In keeping with previous results from our laboratory, SNP43 and SNP44 were in linkage disequilibrium [44]. Whereas D′ reflects recombination events between two SNPs, r 2 reflects the absolute redundancy between them. The difference we observed between D′ and r 2 occurs mainly because SNP44 arose on the same haplotype more rarely than SNP43. CAPN10 is a cysteine protease with the gene located on chromosome 2q37 [45]. It is widely expressed in different tissues, including the pancreatic islets [45, 46]. Calpain inhibitors have been shown to increase insulin secretion by accelerating exocytosis of insulin granules in mouse pancreatic islets [47]. In addition, an isoform of CAPN10 that is a Ca2+ sensor has recently been shown to trigger exocytosis in pancreatic beta cells [46]. The GG genotype of the SNP43 has been associated with reduced CAPN10 mRNA expression in skeletal muscle and subcutaneous adipose tissue [48, 49]. Moreover, it has been associated with increased insulin secretion [50], insulin resistance [44] and a decreased rate of glucose oxidation [48]. Consistent with the findings in the small study by Leipold et al. for SNP43, we did not observe any significant differences in allele or genotype frequencies between GDM and controls [26]. However, these authors reported association with SNP63 as well as a haplotype combination of SNP43, 19 and 63 (121/221) [26], but no data were available on the degree of linkage disequilibrium between these SNPs. Of note, SNP63 has been shown to be in tight linkage disequilibrium with SNP43 and SNP44 in Scandinavians [44].

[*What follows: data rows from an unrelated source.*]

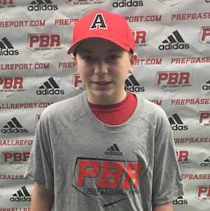 A right-handed hitter at the plate that starts in a tall stance. Uses a leg kick for timing while keeping hands simple throughout load. Slightly downhill path with more present strength than speed to hands. Worked through a middle-away approach in BP with backspin ability. Middle of the lineup potential. Behind the dish he creates solid direction with feet during transfer. Actions are fluid and exchange is easy. Arm is on par for class strength wise, showing present accuracy.
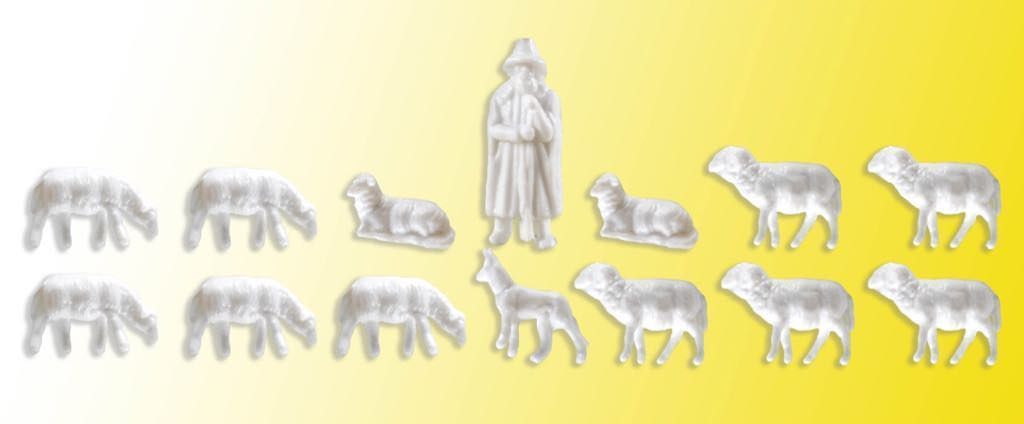 Mit Zaun, unbemaltem Schäfer, Hund und 12 Schafen. Maße: Gebäude L 10,5 x B 7,5 x H 8 cm, Zaun L 32 x B 0,1 x H 0,9 cm.
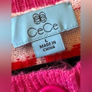 ๐ Pink Cece Hearts and bows cardigan sweater size Large ๐
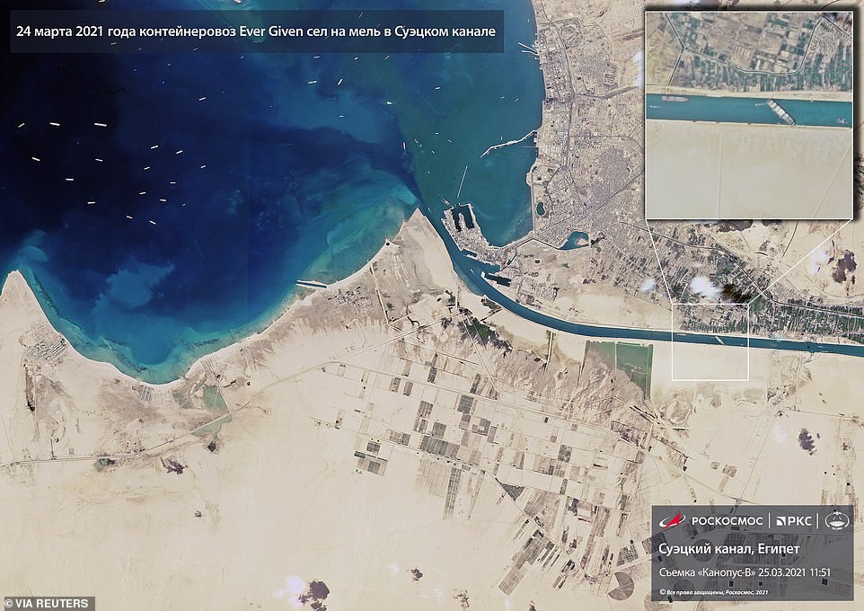 Δορυφορική εικόνα αποκαλύπτει το μέγεθος του “μποτιλιαρίσματος” που προκλήθηκε από την προσάραξη του τεράστιου πλοίου μεταφοράς εμπορευματοκιβωτίων “Ever Given” στη διώρυγα του Σουέζ. Περίπου 200 πλοία περιμένουν στη σειρά για να περάσουν από τη διώρυγα του Σουέζ, σύμφωνα με τη Daily Mail.

Given the fact that GDM and type 2 diabetes have beta cell dysfunction in common, we tested the hypothesis that common variants in candidate genes that have been associated with type 2 diabetes, particularly with beta cell dysfunction, might also be operative in GDM. We conclude that the K allele of the E23K polymorphism in KCNJ11 seems to predispose to GDM in Scandinavian women. This is compatible with its effect on insulin secretion and the crucial role of impaired beta cell function in the pathogenesis of GDM.